Но именно в этот самый момент в зале зашумели, раздались аплодисменты, они тут же перешли в поголовное рукоплескание. Оказалось, что хозяйка дома наконец вышла к гостям и сейчас, требовательно подняв руку, добивалась тишины. А когда тишина наступила, она произнесла тихим, но приковывающим внимание голосом:

– Друзья, мы все такие молодцы. Мы долго, напряженно работали, репетировали, и сегодня у нас состоялась премьера. Прежде всего, я хочу поблагодарить…

«Почему тихие, спокойные люди с тихими, спокойными голосами привлекают больше внимания, чем люди громкие и напористые? – задумался я. – Не оттого ли, что, когда говорят тихо, слушателям приходится замолкать и сильнее концентрировать внимание? Интересный, кстати, парадокс. Надо будет тоже как-нибудь негромко попробовать».

Я незаметно отошел в сторонку от замершей в напряженном внимании пары и снова прислонился к мягкой штофной стене. Хозяйка продолжала говорить, зал замер, а я вновь отделился от зимнего Кутузовского проспекта, но теперь уже перенесся на холмистые шотландские просторы. Там пахло свежей сочной травой, морской солью, а еще перемешанным с туманом дымом от прогоревшего где-то вдалеке костра. Мне там было хорошо, и я совсем не спешил возвращаться. Даже когда в зале все дружно рассмеялись, потом снова захлопали, даже когда помещение заполнилось общим гулом и движением, я все равно не спешил. Я придвинулся ближе к обрыву крутого горного хребта, вслушиваясь в тяжелый, холодный океанский прибой. А может быть, и в морской прибой – я плохо помнил, что именно омывает травяную, холмистую, скотчевую страну.

Из короткого шотландского путешествия меня выбила темнота. Не полная, не кромешная, а просто, будто вполовину уменьшили в зале накал свечей. В смысле, лампочек. Я дернул головой, отгоняя безбрежный шотландский пейзаж, пытаясь определить, в чем, собственно, дело. Оказалось, что горообразный Ваня бросал на меня плотную, густую тень, нависая с таким многозначительным видом, будто собирался сказать что-то невероятно важное. Но при этом не говорил ничего, лишь молча проникновенно заглядывал мне сверху вниз в глаза.

– Ну, – начал я первым, чтобы хоть как-то растопить сгущающуюся молчаливую напряженку. – Как твой приятель, не объявился еще, не приполз с повинной?

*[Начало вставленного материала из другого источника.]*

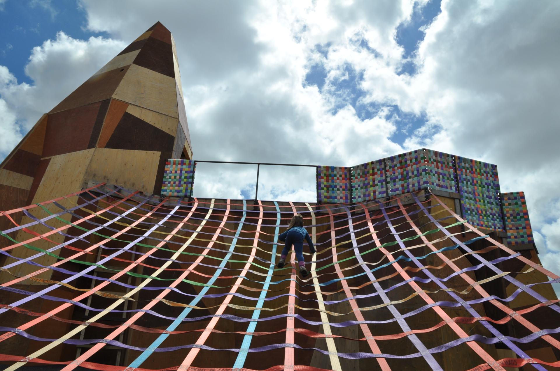 Craftsmanship, art, and design has been in the core of the project from day one whether constructing a sauna or constructing the what we call relational architecture (inclusion). The invited actors where asked to investigate the site-specific potential and to identify qualities for `Jubileumsparken´ as a part of the post-industrial landscape. Working with recycling and environmental sustainability has therefore been done by identifying the existing values on site end re-using material as much as possible. The public sauna, designed by Raumlabor Berlin, was constructed on an old concrete slab in the river, previously used to anchor boats. A choice made to enlighten the cultural values of the landscape. Facades for the changing rooms where made from 15 000 recycled bottles and playing nets for the play mountain, the prototype for art to act as a playground by Akay and E.B Itso, was for example made from straps from containers.
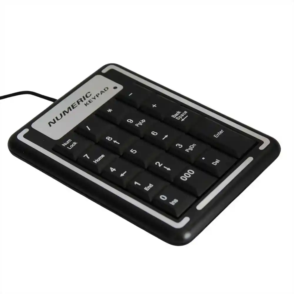 Es un dispositivo periférico diseñado para la introducción rápida y sencilla de datos numéricos. Cuenta con teclas numéricas del 0 al 9, así como teclas adicionales como Num Lock, Enter, Del y Back Space. Su diseño compacto es ideal para complementar computadoras portátiles que no tienen un teclado numérico integrado. Se conecta mediante un cable USB.

– А, Алик… – вспомнил свой недавний рассказ Ваня. – Да нет, не успел еще. – И он развел руками.

– Жаль, – вздохнул я и тоже хотел развести руками, но в одной у меня находился стакан, почему-то снова совершенно пустой, а другая висела на перевязи. – Но ты знаешь что, Вань, настоящий друг, он ведь, как известно, познается в беде. Получается, что тебе просто в беду надо попасть. Небольшую, несерьезную, профилактическую такую беду. Тогда твой Алик, как истинный друг, наверняка отзовется. Хочешь, я тебе правильную беду разработаю, чтобы без особых потерь, но которая срочной помощи потребует? – Ваня продолжал серьезно глядеть на меня, даже не улыбнулся, хотя мне шутка понравилась. Отличная шотландская шутка. – А если Алик не отзовется, ты тоже не горюй, «вверх таких не берут и тут о таких не поют», – прохрипел я как мог знаменитые строчки Высоцкого. – Ты, главное, не печалься, смотри, сколько девчонок бродит, совершенно чудесные девчонки. Я такого скопления коллективного изящества вообще никогда не видел.

– Девчонки меня не интересуют, – махнул рукой на девчонок Ваня.

– Ты что, женат, что ли? – прозорливо догадался я.

Но Ваня только покачал отрицательно головой.

– Я голубой, – сказал он и улыбнулся мне доброй, мягкой улыбкой.

Шотландский прибой продолжал биться о скалы в моей с трудом справляющейся башке, и все же смысл Ваниного признания я хоть и не сразу, но ухватил. И надо признаться, оно меня ошарашило. Нет, «ошарашило» – неверное слово, оно не определяет в полном объеме, в какой глубочайший шок я тотчас впал – даже Шотландия со своим морским пейзажем тут же, как ей и полагается, затуманилась и поблекла. И неудивительно, я в первый раз в жизни беседовал с живым, совершенно реальным гомиком. Я даже мог до него дотронуться (хотя и не особенно хотел). А еще он не скрывался, не маскировался, не камуфлировался под окружающую среду, наоборот, раскрылся передо мной, как будто его пидерастичность была обычной, естественной человеческой потребностью.

Конечно же, мне потребовалось время, чтобы выйти из ступора, но Ваня не напирал, не торопил, давал время отдышаться, только старался проникнуть в меня тихими, влажными, с блестящей поволокой глазами.

Наверное, теперь у меня отвисла челюсть и округлились глаза.

– Ты чего удивляешься? – поинтересовался наблюдательный Ваня. – У вас в Мариинке не так, что ли?

– Да не из Мариинки я не из какой, – признался я, видя, что дело принимает серьезный гомосексуалистический оборот и косить под балетного уже как-то небезопасно. – Это я пошутил. Ну так, прикололся для смеха.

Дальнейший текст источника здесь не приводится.